When you do the TestUFO Panning Map Test:
www.testufo.com/#test=photo&photo=toronto-map.png&pps=1440
Try this test. It's a blurry mess on all known 1680x1050 120Hz monitors, which was measured to be about 6x more motion blur than a LightBoost-enabled 1920x1080 120Hz monitor. I can read the street name labels perfectly at 960 pixels/second and faster speeds when using a monitor with a motion-blur-eliminating backlight (e.g. LightBoost strobing, or EIZO Turbo240 strobing -- and BENQ reports that their new XL2720Z Blur Reduction is a form of strobe backlight similar to LightBoost). The only computer monitors that pass the TestUFO Panning Map Test are the newer/modern strobe-backlight models. This can mean more quickly identifying enemies in FPS gaming, during fast panning/strafing/turning, etc. CRT quality motion on an LCD (and in some cases, sharper motion than a CRT -- as LightBoost=10% has lower persistence than a Sony GDM-FW900 CRT).
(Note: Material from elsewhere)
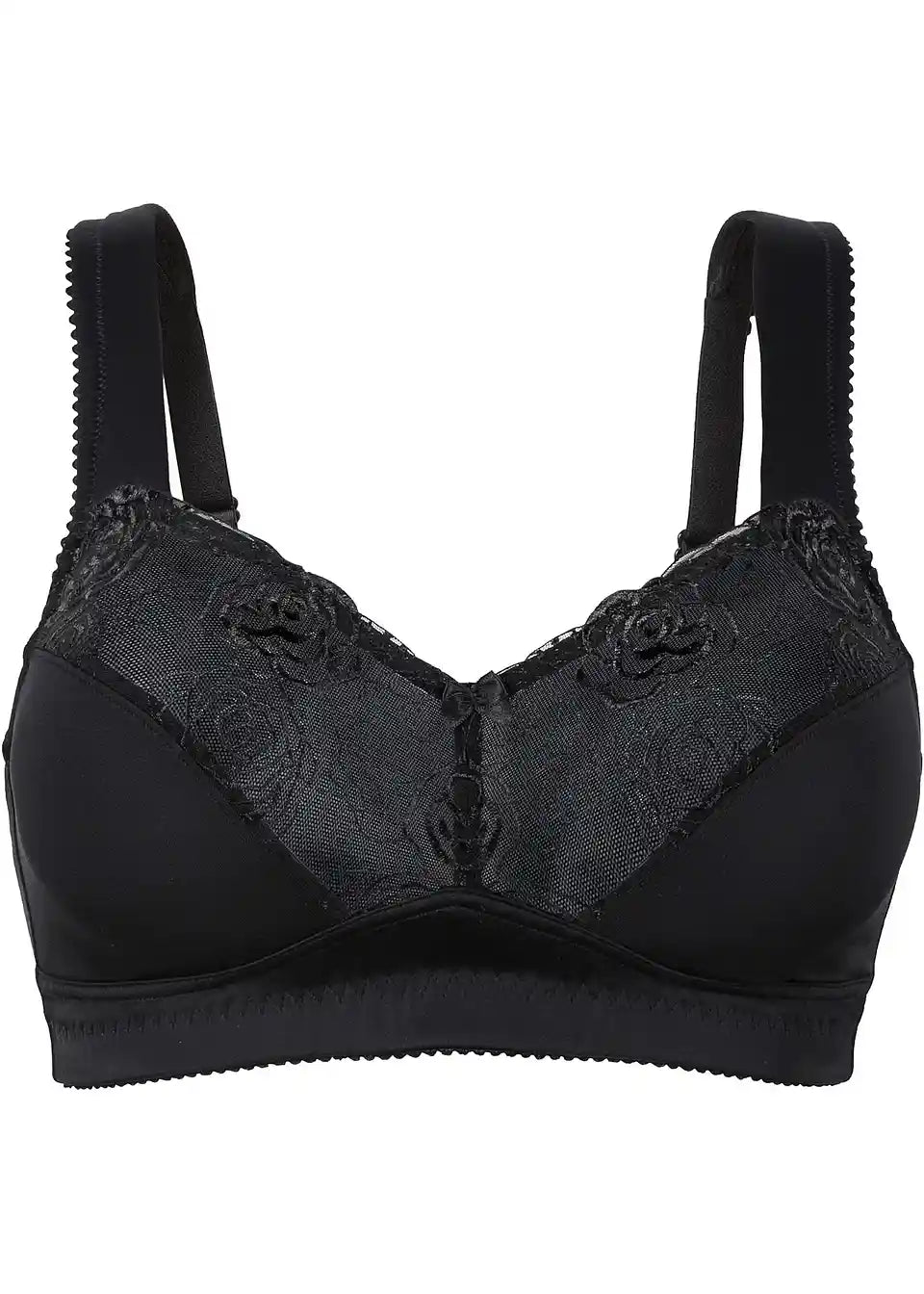 Ta Minimizer nedrček znamke bpc selection je posebej primeren za večje prsi. Posebna krojna oblika optično zmanjša videz prsi in nudi dobro oporo. Široke, podložene naramnice razbremenijo hrbet in preprečujejo rezanje materiala. Nepregleden nedrček brez kosti se ponaša z nežno cvetlično vezenino na zgornjem delu košarice. Pri večjih velikostih so zaponke in naramnice tega elegantnega modela širše.

The motion blur reduction feature may not be important to everyone, but some people are far more sensitive to motion blur than to colors. It is certainly, a significant/huge buying consideration that should be meritworthy of mention. Today, display editors now need to pay attention to the strobe backlight phenomenon -- and the sudden surge introduction of several brands of new post-LightBoost-era strobe backlights. Display editors that formerly dismissed the Lightboost "hack" needs to just look at EIZO and BENQ's introduction of their own officially sanctioned post-LightBoost brand, as well as NVIDIA/John Carmack's mention of G-SYNC's optional strobe mode, to realize how important a display editor needs to be aware about strobe backlights, going forward, since this is a new technology suddenly coming out that many mainstream display reviewers are just realizing. TFTCentral tested them and found LightBoost to be far superior to old generation scanning backlights. These strobe modes are now easily turned ON/OFF by a button or keypress (including LightBoost, which now has a new utility), so you can have flicker-free versus 120Hz-CRT-style operation.